[Opening SUPPLIED MATERIAL section]

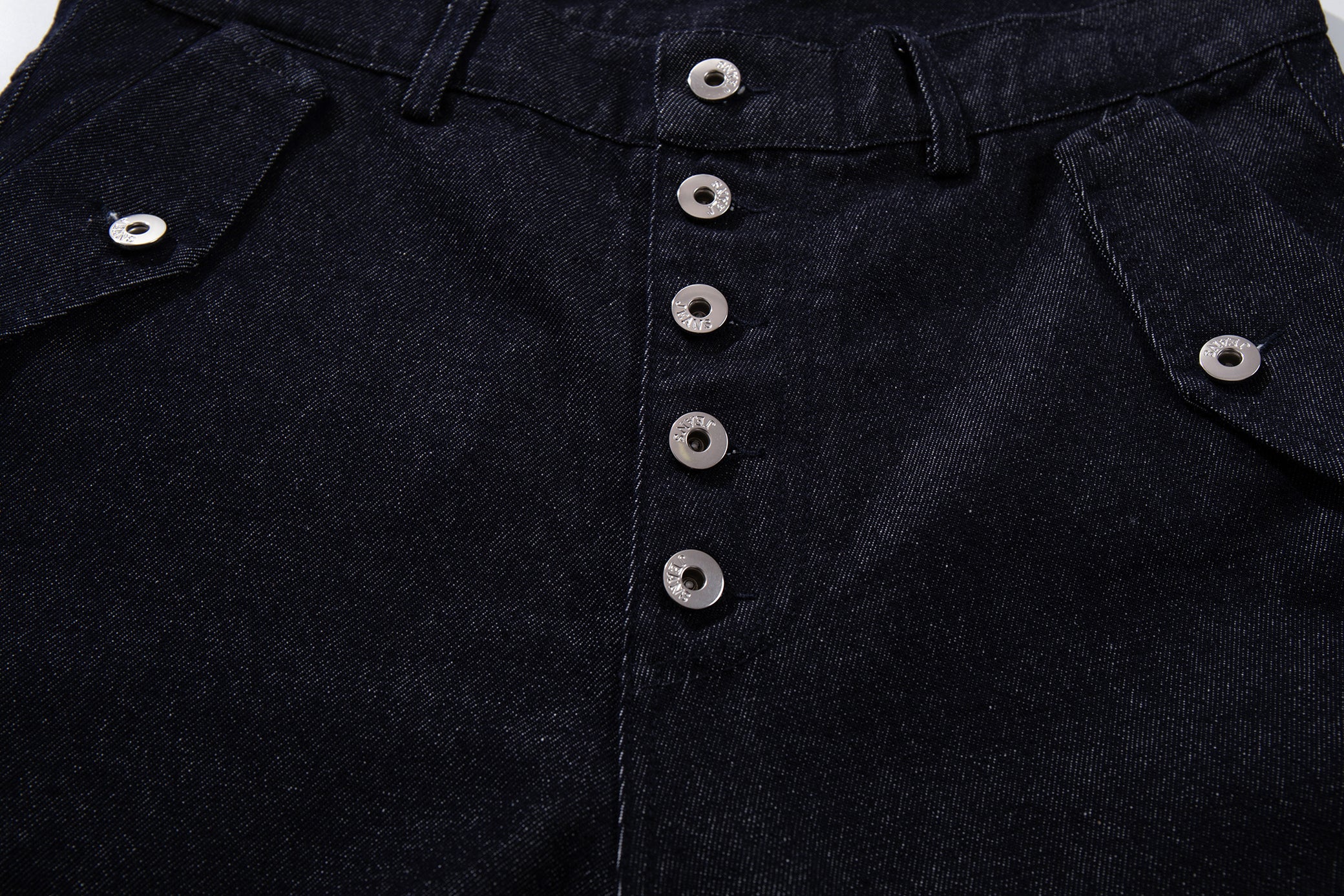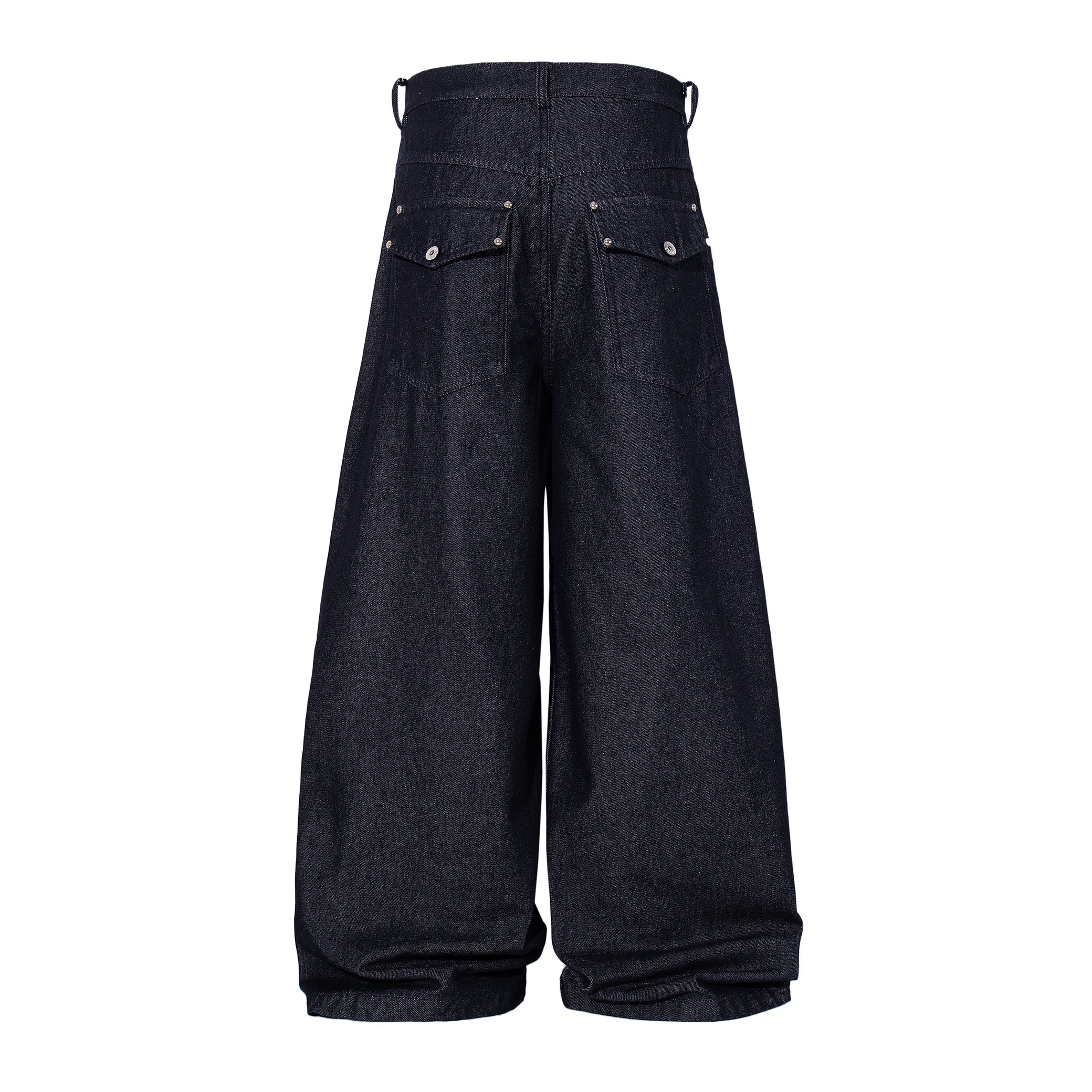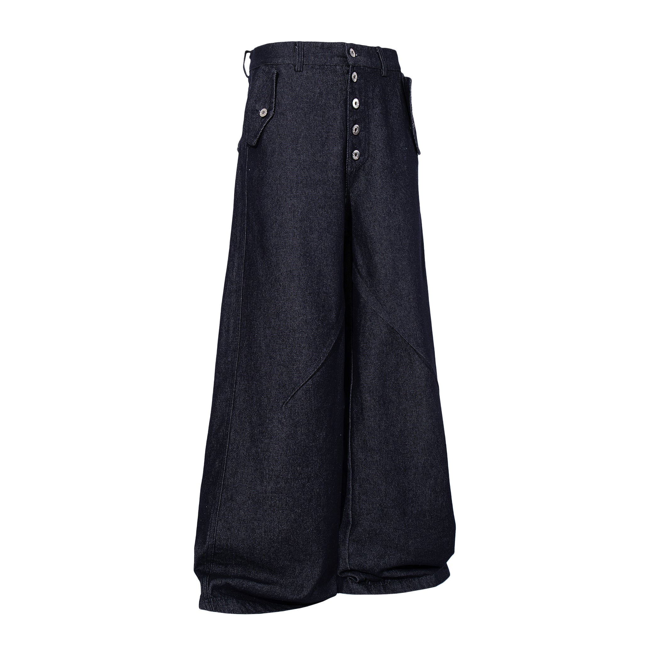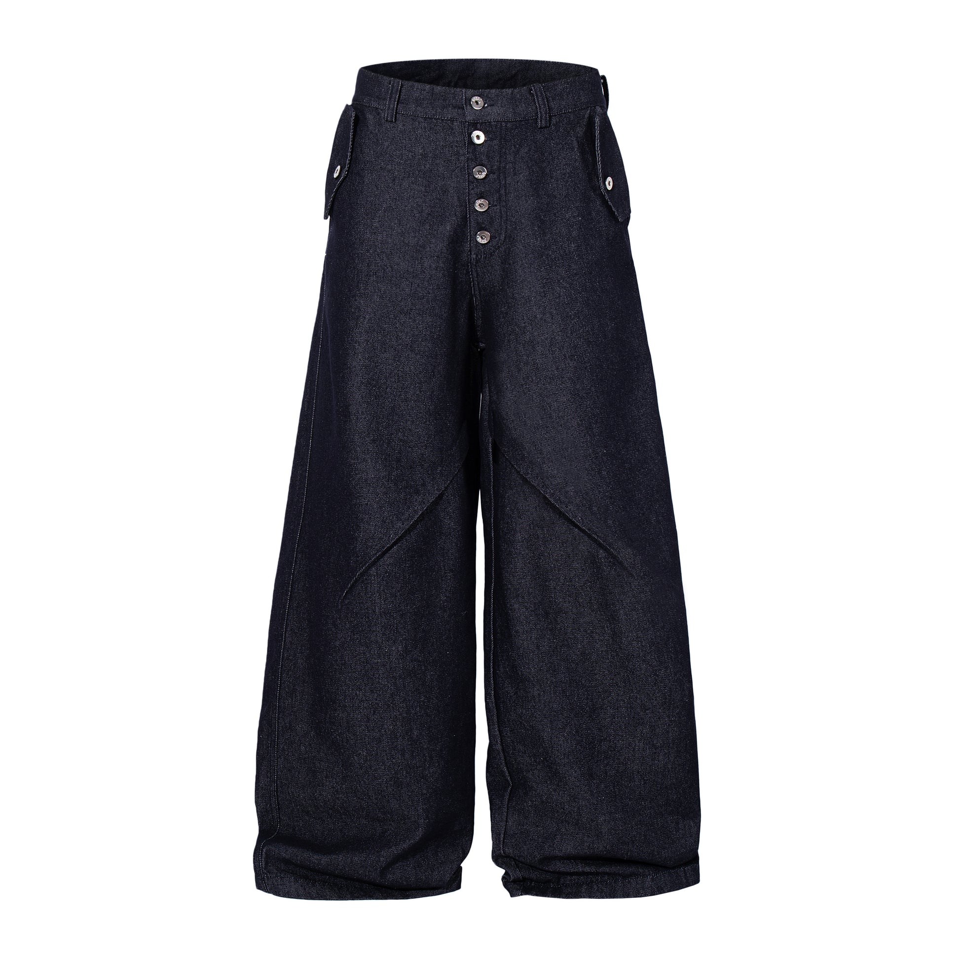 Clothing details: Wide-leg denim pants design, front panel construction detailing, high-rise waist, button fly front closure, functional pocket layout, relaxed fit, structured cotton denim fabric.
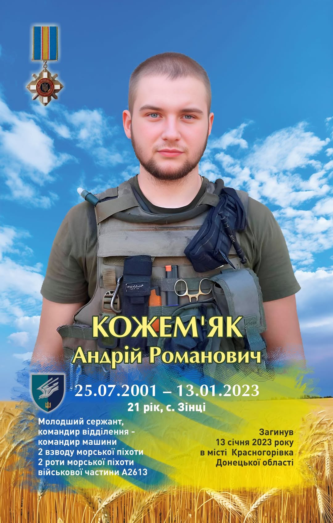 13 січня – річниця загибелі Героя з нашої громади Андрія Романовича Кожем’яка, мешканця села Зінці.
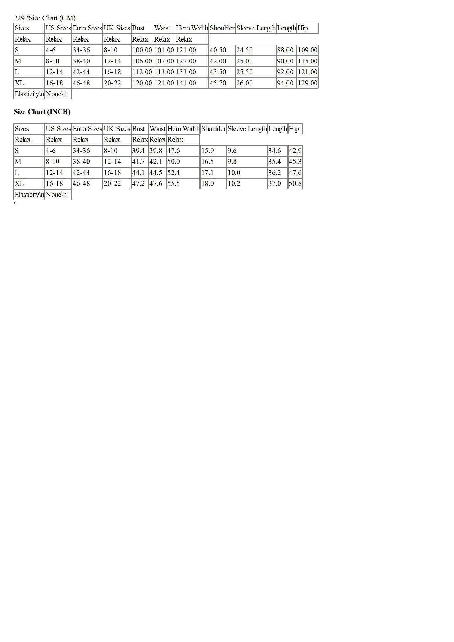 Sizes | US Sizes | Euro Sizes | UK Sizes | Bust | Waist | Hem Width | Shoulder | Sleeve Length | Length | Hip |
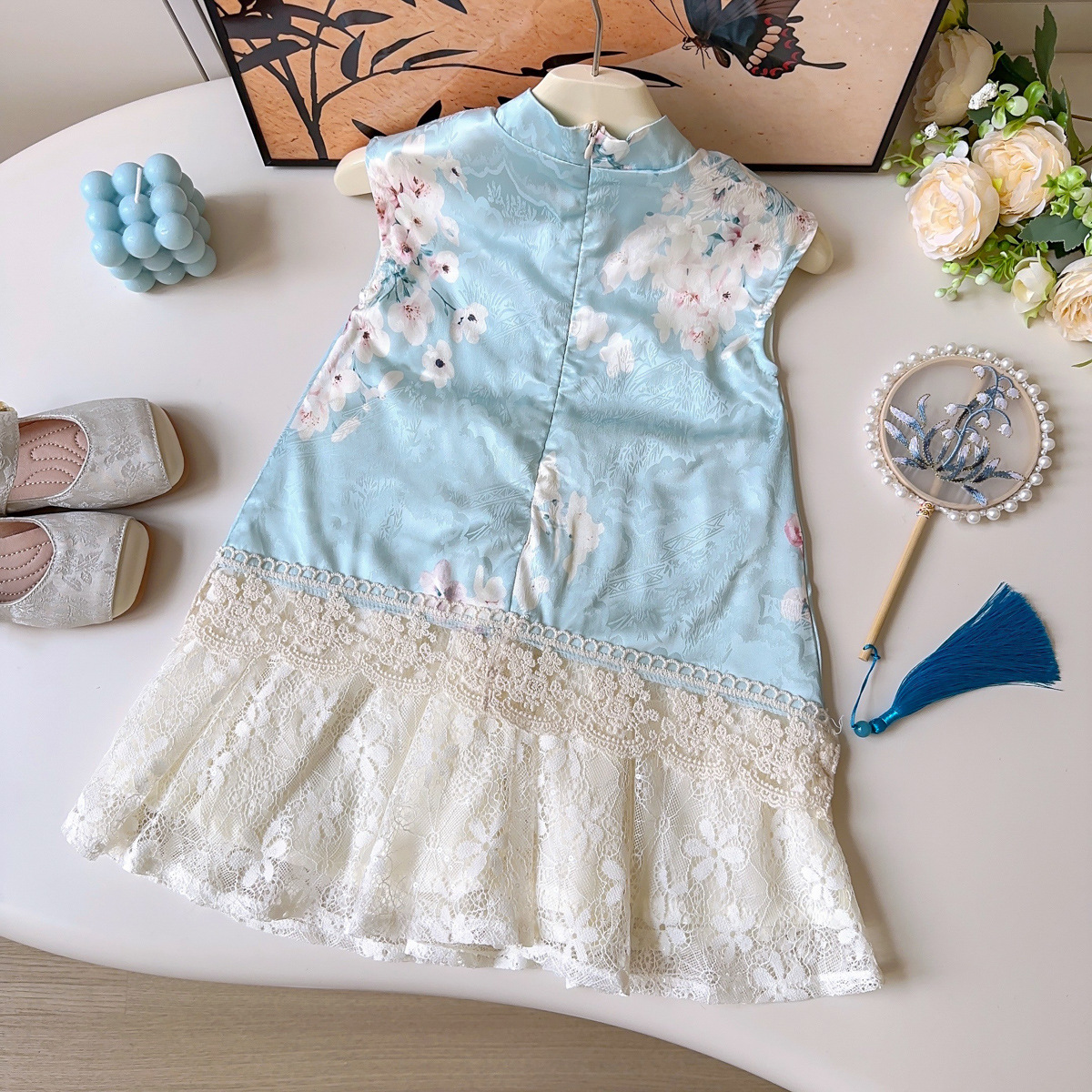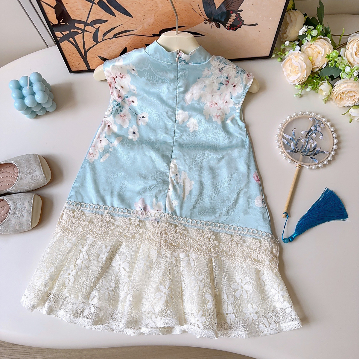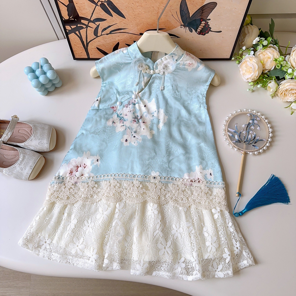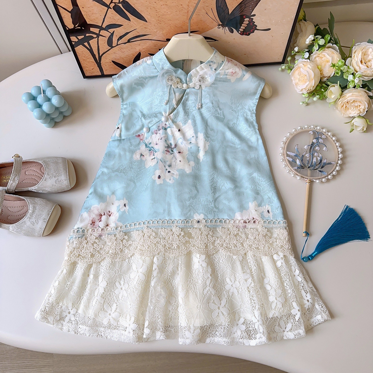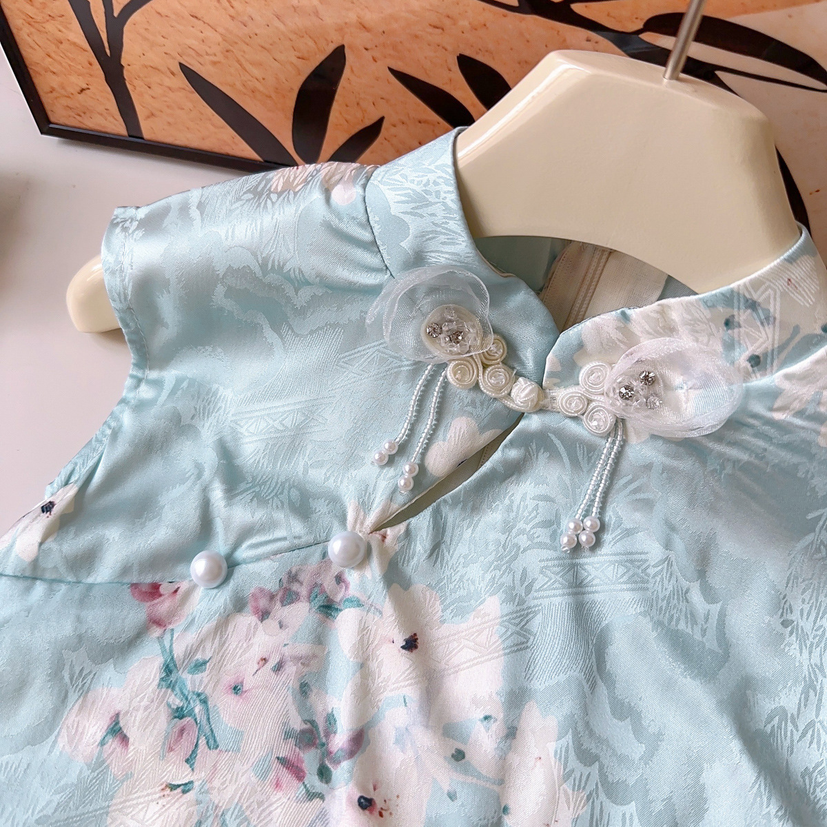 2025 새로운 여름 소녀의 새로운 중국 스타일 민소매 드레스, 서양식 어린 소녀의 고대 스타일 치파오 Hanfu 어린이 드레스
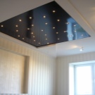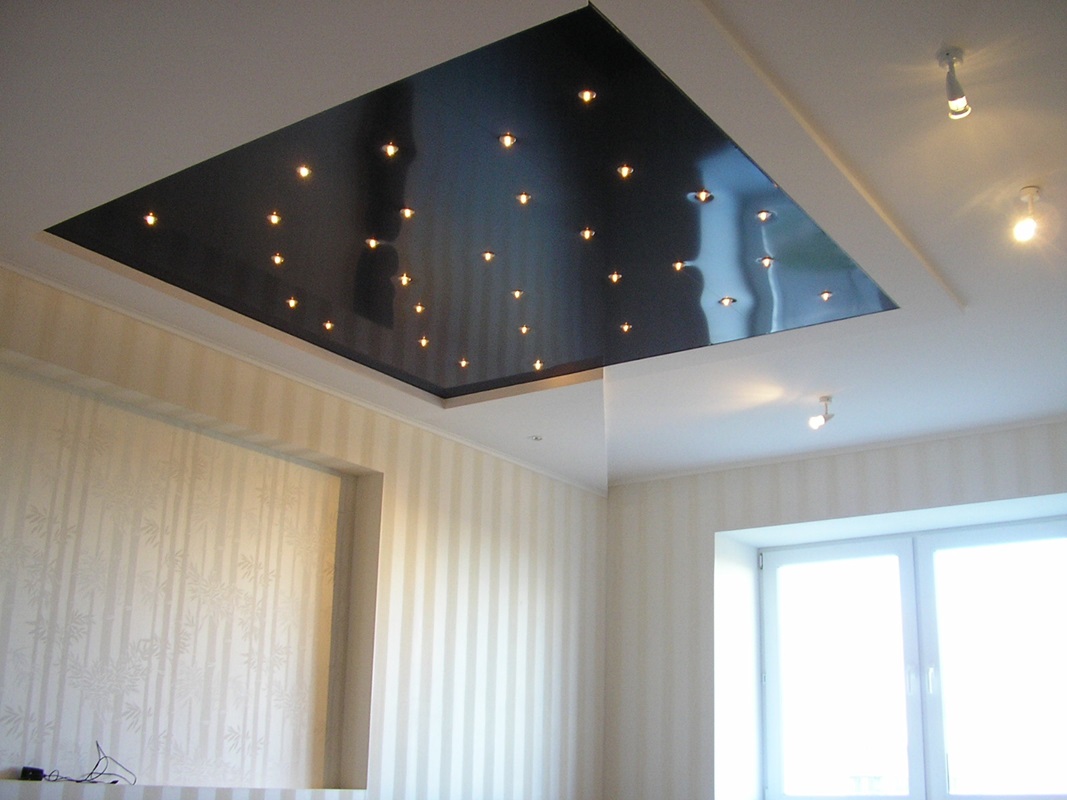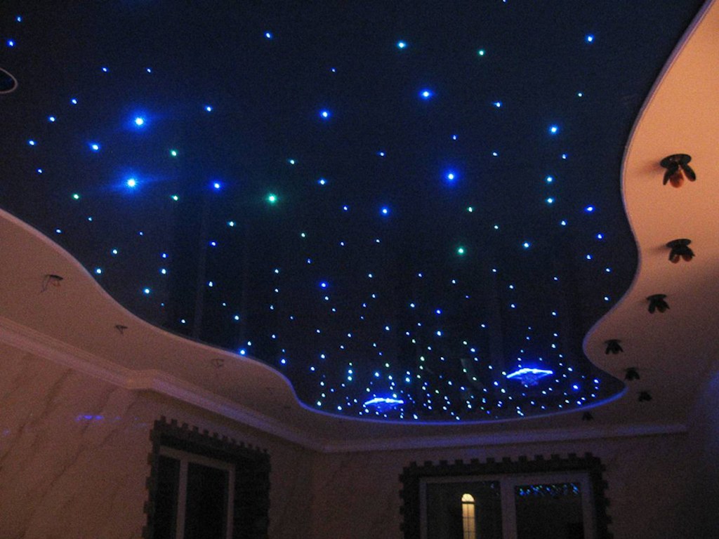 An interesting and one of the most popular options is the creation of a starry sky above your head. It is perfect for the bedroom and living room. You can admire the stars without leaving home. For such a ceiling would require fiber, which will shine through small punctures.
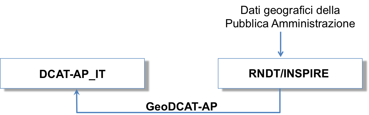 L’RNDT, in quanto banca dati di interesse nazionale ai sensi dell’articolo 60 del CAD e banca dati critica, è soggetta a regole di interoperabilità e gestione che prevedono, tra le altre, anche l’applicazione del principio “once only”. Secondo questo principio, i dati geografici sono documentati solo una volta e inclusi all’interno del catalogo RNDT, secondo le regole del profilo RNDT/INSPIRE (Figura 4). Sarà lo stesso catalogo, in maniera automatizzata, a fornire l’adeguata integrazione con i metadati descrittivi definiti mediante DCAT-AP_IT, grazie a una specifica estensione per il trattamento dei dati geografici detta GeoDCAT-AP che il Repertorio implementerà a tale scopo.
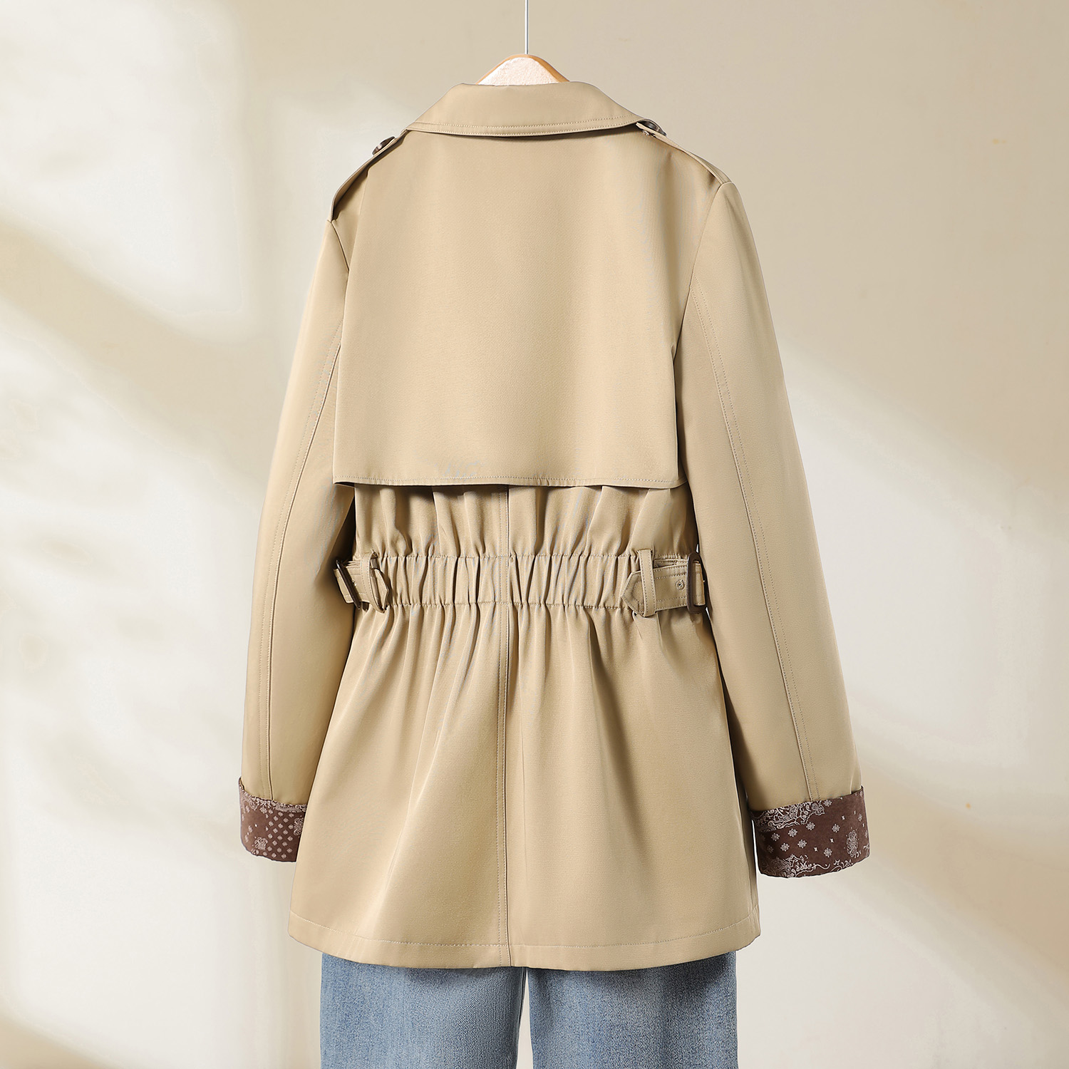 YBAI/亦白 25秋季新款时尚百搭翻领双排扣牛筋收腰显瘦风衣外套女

[Closing SUPPLIED MATERIAL section]

--- HOW TO COMPLETE THIS TASK ---
Go back to the entries above and restate word for word every line from the first through the one that contains "13 січня – річниця", leaving the pictures behind.

--- OUTPUT BELOW ---
 Clothing details: Wide-leg denim pants design, front panel construction detailing, high-rise waist, button fly front closure, functional pocket layout, relaxed fit, structured cotton denim fabric.
 13 січня – річниця загибелі Героя з нашої громади Андрія Романовича Кожем’яка, мешканця села Зінці.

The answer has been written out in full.